Read about few more main ingredients in the foot-note.
Suggested Portion Size – 1/2 cup per person. Served as a side.
Firstly, chop all the vegetables, grate the coconut and keep them ready. Add all the vegetables to a deep thick bottomed pan or dish. Add sufficient water to cover the vegetables. Bring this to a boil, simmer until the vegetables are just tender. Add cauliflower when the other vegetables are 80% done. (If possible steam the vegetables instead)
Grind the onion, coconut, green chili, roasted Bengal gram, cumin seeds to a smooth paste by adding water as required.
At this stage once the vegetables are just tender, you can either drain all the water or retain some. Add chopped spinach now. Mix.
Add the ground paste, salt to taste. (add water to the consistency needed) Bring this to a boil at low to medium heat. Cook for a couple of minutes at the same heat. Turn off the heat. Prepare the tempering by heating the oil in a small separate pan. Splutter mustard seeds. Add asafoetida powder and curry leaves. Turn off the heat. Add this to the prepared saagu. Serve hot with flat bread (gluten free as per the theme) as a side dish.
- For the paste>>
- ½ an onion chopped roughly
- 2 tablespoons of freshly grated coconut
- 2 tablespoons of roasted Bengal gram (dalia or hurigadale)
- 3-4 green chilies (adjust quantity to taste)
- 1" piece of ginger roughly chopped
- ¾ tablespoon of cumin seeds
- water as needed
- For the gravy>>
- 1 cup of chopped cabbage
- 1 cup of chopped zucchini (courgette)
- ½ cup chopped cauliflower
- ½ cup chopped carrot
- ½ cup chopped green beans
- ½ heaped cup of spinach
- salt to taste
- For tempering>>
- 2 teaspoons of olive oil (or coconut oil)

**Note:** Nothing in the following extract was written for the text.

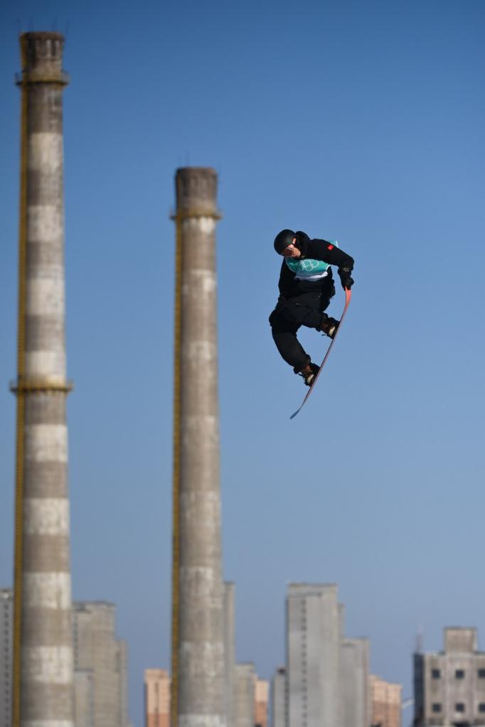Su Yiming of China competes during the men's snowboard big air qualification of Beijing 2022 Winter Olympics at Big Air Shougang in Beijing, capital of China, Feb. 14, 2022. (Xinhua/Xue Yuge)

- ½ teaspoon of mustard seeds
- 1 good pinch of asafoetida powder
- to begin, chop all the vegetables, grate the coconut and keep them ready.
- In a deep thick bottomed pan/dish, add all the vegetables except cauliflower and spinch. Add water enough to cover them. Bring to a boil and simmer until the vegetables are 80% done.

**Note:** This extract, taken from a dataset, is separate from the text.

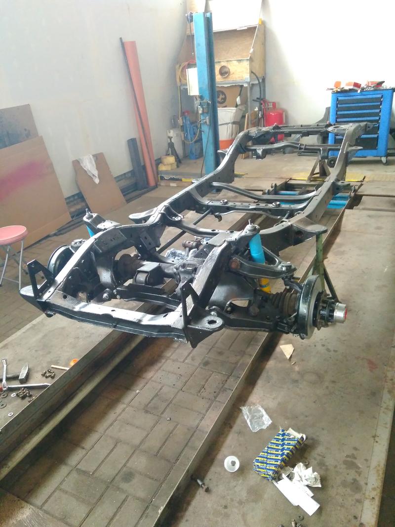 Die Hinterachse ist inzwischen fertig gestrichen und fertig zum einbau! Der Rahmen wird also Morgen wieder auf den "Bauch" gedreht und dann wird das komplette Fahrwerk montiert :-)

- In the meanwhile, prepare the ground paste by grinding coconut, onion, ginger, green chilies, cumin seeds and asafoetida to a smooth paste by adding water as needed.
- Add cauliflower to the pan where the vegetables are cooking. Cook until all the vegetables are just tender. (instead the vegetables can also be steamed)

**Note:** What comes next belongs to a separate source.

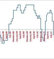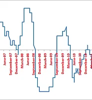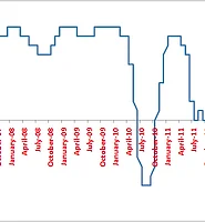 April 2005 to February 2014 correlation coefficient is 0.46.
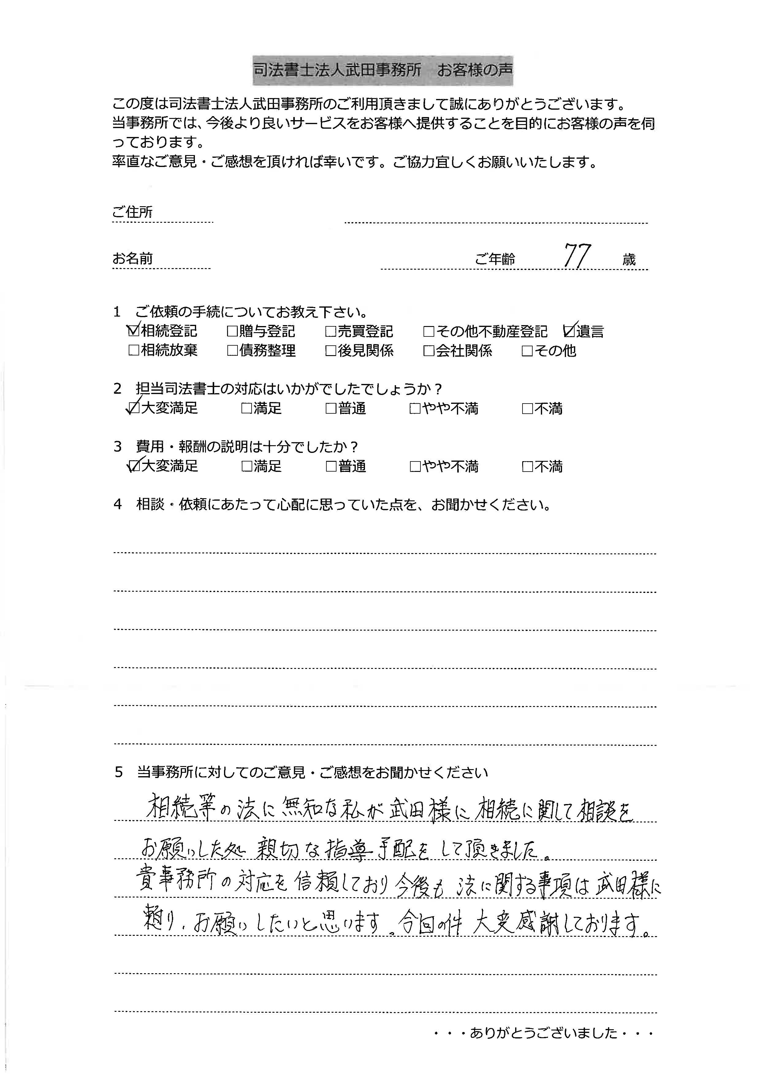■当事務所に対してのご意見・ご感想をお聞かせください。知人に紹介していただき先生にお会いしましたが、お話もしやすく迅速丁寧な対応でとても気持ちよくお願いする事ができました。相続の手続きが一段落して、母娘共に安心することができました。ありがとうございました。また何か相談事がありましたらお願いしたいと思いますのでよろしくお願いいたします。

- Turn off the heat. Drain some or all of the water.
- If draining all of the water, add the vegetables back to the pan. Add spinach, gound paste, some additional water (adjust to the consistency needed). Bring to a boil at low-medium heat adding salt to taste.
- If retaining some water, add the spinach, ground paste, bring to a boil at low-medium heat.
- cook for another 1-2 minutes adding salt to taste. Turn off the heat.
- Prepare tempering in a separate pan. Heat 2 teaspoons of oil. Splutter mustard seeds. Add asafoetida powder. Turn off the heat.
- Add this to the prepared saagu..
it can also be served with rice - brown rice is suggested if you are a diabetic.
Info about some of the other main ingredients used here-
Did you know the metabolism of sugar in the body needs many of the B vitamins many of which are found in valuable proportions in zucchini. As also zinc, magnesium, omega 3 fatty acids too are needed for the metabolism of sugar, again present in zucchini. In addition, special fibers such as pectin provided by this summer squash helps keep insulin metabolism and blood sugar levels in balance and also protects against the onset of diabetes type 2. More here.
Vegetables, in general are high in fiber, have low Glycemic Index. Generally non-starchy vegetables have 5 g of carbohydrates in 1/2 cup cooked or 1 cup raw. Most of this is fiber and hence need not be counted unless you eat more than 1 cup of cooked or 2 cups raw at a time. For more info. regarding non-starchy foods read here (diabetes.org)
I am not a nutritionist or dietitian. My knowledge and information is based on my research and reading from different resources. Please consult your doctor or dietitian before making any changes to your diet.